It took a lot of work to remove the old workbench and prep that wall ready for painting. Besides the preexisting hole in the wall, I managed to do a fair bit of damage prising the workbench out — it was nailed to the wall and there were a lot of nails used, so lots of holes to patch. You can get an idea of the number of nails involved by looking at the boards leaning over on the left of the frame. It was so well secured I even used the hydraulic jack to help break it up.
Magically the pile of lumber has grown (another trip to Lowes), and in the foreground is the new-to-me table saw which Jim found in a yard sale sometime last year. I’ve never had a table saw before, and I must say that I wish I’d bought one years ago. Now if I don’t have a piece of wood the size I need, I can produce something in minutes. The table saw ($100), along with my compound miter saw, circular saw ($15 in a yard sale), drill press ($1 in a yard sale), and cordless drill are my most used tools. And it just goes to show how a bit of time spent rummaging around in yard sales around can save a lot of money. I must have got 80% of my tools in yard sales.

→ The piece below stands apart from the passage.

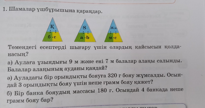 Шамалар үшбұрышындағы формулалар нені білдіреді,есімізге түсірейік 1-формула: Қ-құны Б-бір заттың бағасы С-саны -дегенді білдіреді 2-формула: S- ауданы a-ұзындығы b-ені- дегенді білдіреді 3-формула: Ж.м-жалпы масса М-бір заттың массасы С-саны - дегенді білдіреді 1-тапсырма: Берілген шамалар үшбұрышына қара,төмендегі есептерде шығару үшін олардың қайсысын қолданасың,ойлан! Өзіңді тексер! А) 2-формуланы қолданамыз

Sitting on the table saw is a quick test build of the top rail that will carry the sliding doors. Based on the results of making the test piece I have decided to trim the back of the horizontal 2″x4″ cross piece to make sure it screws in square. It’s going to be a heavy beam, but it has to carry the weight of the doors, and the top shelf over an unsupported span of around five or more feet. I’ll be using some 3/8″ Lag screws I have to fix it in place, plus I’ll glue it too. I don’t think it’ll have any trouble with the weight.